Data items
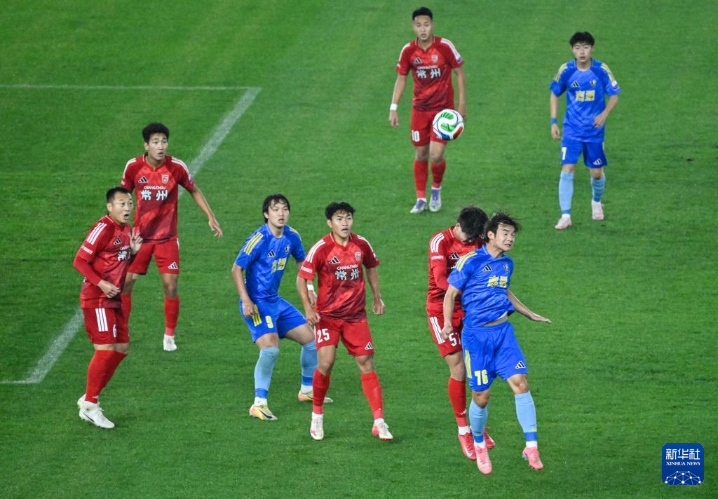 4月11日,南通队球员潘万权(下,右一)与常州队球员代晨治(下,右二)在比赛中争顶头球。
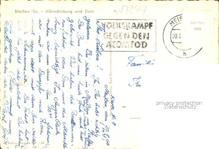 72176830 alte Postkarte Meissen Elbe Sachsen Albrechtsburg und Dom postalisch gelaufen Erhaltung siehe scans KatCode: 11110014280240
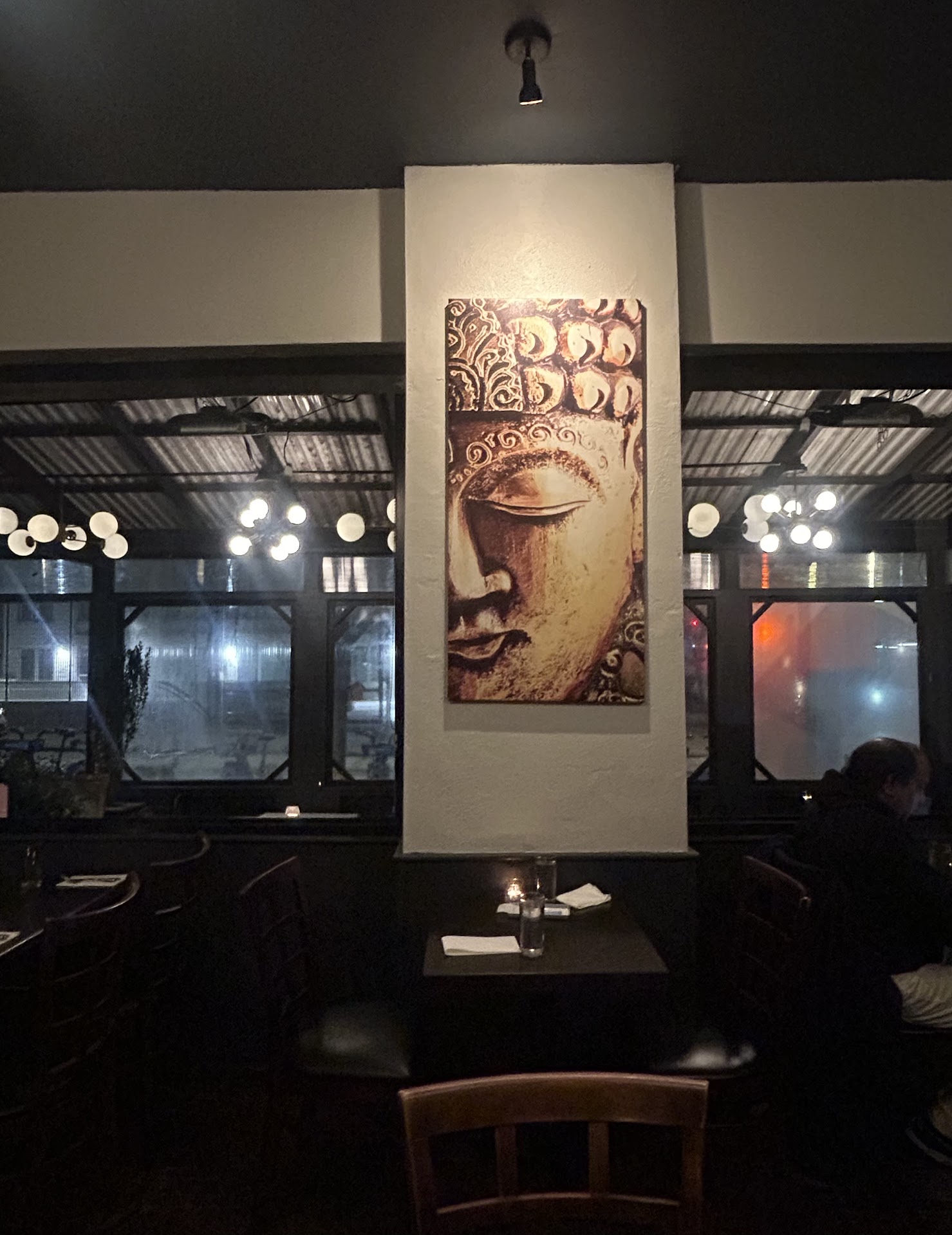 I went here for dinner tonight to enjoy the restaurant, and especially the very peaceful outdoor seating area during an unseasonably warm Saturday evening. We were greeted first by a host, and then by Ricky, a server who has always been so upbeat and energetic making the meals even more enjoyable. He spoke very sincerely about the joys of serving the local York Avenue community who comprise the main demographic of the restaurant's patrons, which includes my boyfriend and myself. The service is always very good, with an attentive water server always prepared to fill glasses during spicy Indian meals. The cheap cocktails are a fun start to the dinner, as are the complementary Papadam lentil crackers which are served with a mixture of coriander and tamarind chutney. I always order either the chicken and goat curries with carefully curated spices with the seeds clearly being lightly fried in oil, followed by the stew making process, which not all Indian restaurants take the time and effort to do anymore. I find that the meat dishes pair perfectly with the lightly buttered garlic naan. I also usually really enjoy the Chana Saag with the chick peas slow cooked in the greens and they truly taking on the flavor of the simmered vegetables. The saag is also chopped, not pulverized as it is often found at other Indian restaurants. Today I ordered something off of my usual, and I was disappointed. The Vegetable Korma included a strange assortment of vegetables which included red and green peppers as well as canned pineapple chunks which added an interesting addition, in only the truest sense of the word. I would highly recommend OM, for the food and the service, but I would also recommend that they stick to the more traditional dishes which are expected at this type of...
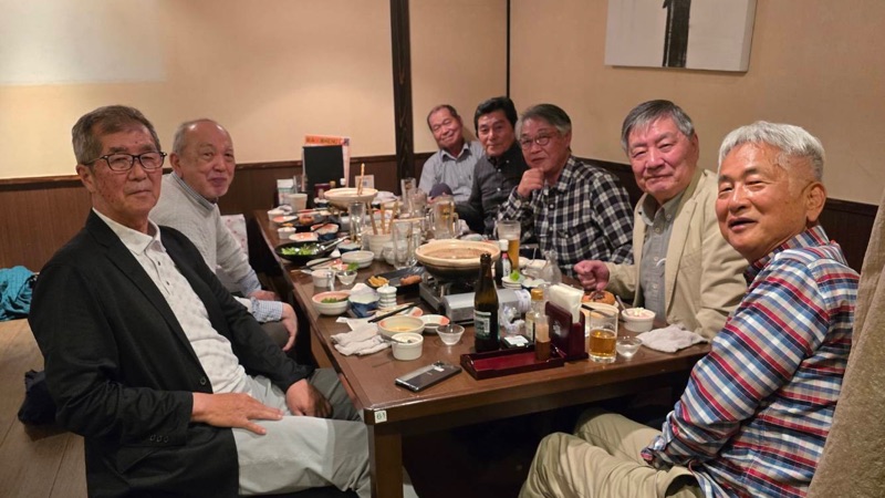 当日は、広島から冨田副会長と清田事務局長にもご臨席いただき、総勢16名で思い出話や近況報告など、校友の親睦を深めました。
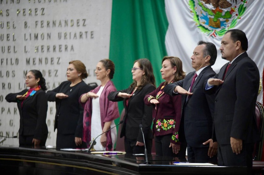 Conforme a lo establecido en el Artículo 45 de la Constitución local y en presencia de la presidenta de la República, Claudia Sheinbaum Pardo, y la vicepresidenta de la Cámara de Diputados, Dolores Padierna Luna, por primera vez una mujer emanada de la izquierda asumió la más alta responsabilidad en la entidad.

* _Task details_
Give back exactly the lines from the first line of the data through the line with "72176830 alte Postkarte", pictures excluded.

* _Worked solution_
 4月11日,南通队球员潘万权(下,右一)与常州队球员代晨治(下,右二)在比赛中争顶头球。
 72176830 alte Postkarte Meissen Elbe Sachsen Albrechtsburg und Dom postalisch gelaufen Erhaltung siehe scans KatCode: 11110014280240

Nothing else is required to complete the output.